In total, I now have 17 bites and I have two more nights here. I have taken to completely spraying my arms, legs and neck before I go to sleep. I'm having trouble falling asleep because of a) the itching; and b) the thought that these little suckers are out to get me. Each time I start to drift off, my sub conscious thinks I'm getting another bite and I wake up swatting at my arms and and neck.

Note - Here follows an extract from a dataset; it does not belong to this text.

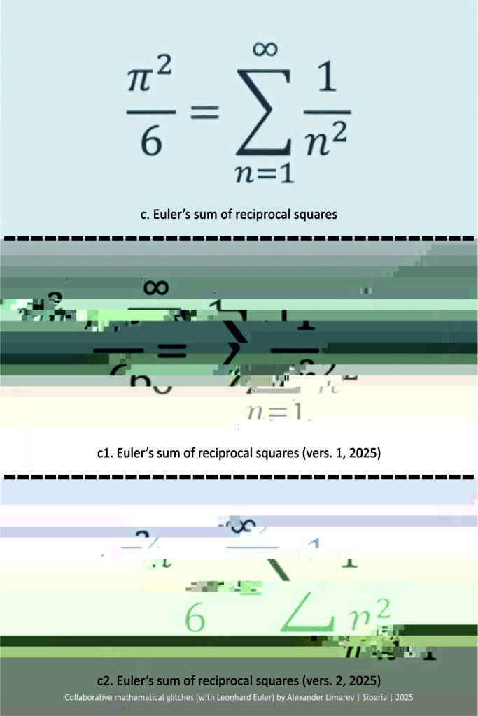 3.  c. Euler’s sum of reciprocal squares; c1. Euler’s sum of reciprocal squares (vers.1, 2025); c2. Euler’s sum of reciprocal squares (vers.2, 2025) by Alexander Limarev | visual poetry, glitch art | 2025

Then in the mornings, I need to shower because of the sticky spray. Oh wait, can't shower because the hot water tank is manual. After reading the French instructions a couple times and through trial and error, I finally figured out that I have to re-start the hot water tank in the kitchen cabinet, then wait 20 minutes for the water to heat. It is only a four gallon tank (think four plastic milk jugs), so each morning I need to make a choice: I can either wash my face and body in cold water while the water in the tank is heating, then wash my hair with the warm water (I have hair to almost my waist, so it takes a bit of water to wash), or I can heat the water, wash my face and body, then heat more water and wash my hair. Which means it takes at least an hour to do both. I guess I could boil pots of water on the stove, but I shouldn't have to be messing with this. The shower set up is a bit wonky too. The shower head is on a hose that you hold; there isn't a hook or a place to hang it up (that I can find). Which means you either have to do everything one-handed, or just scrap that idea and opt for a sponge bath out of the sink. So far, I wash my face and body quickly in the ice cold water and throw my hair up into a pony tail. I'm on vacation.
The water problem I can deal with, though this really shouldn't even be an issue. If I am paying any kind of money to rent a place, I should be comfortable, right? I mean, I'm not asking too much, am I?
Time to get out and forget about this place for a couple hours. Or look for another place to stay.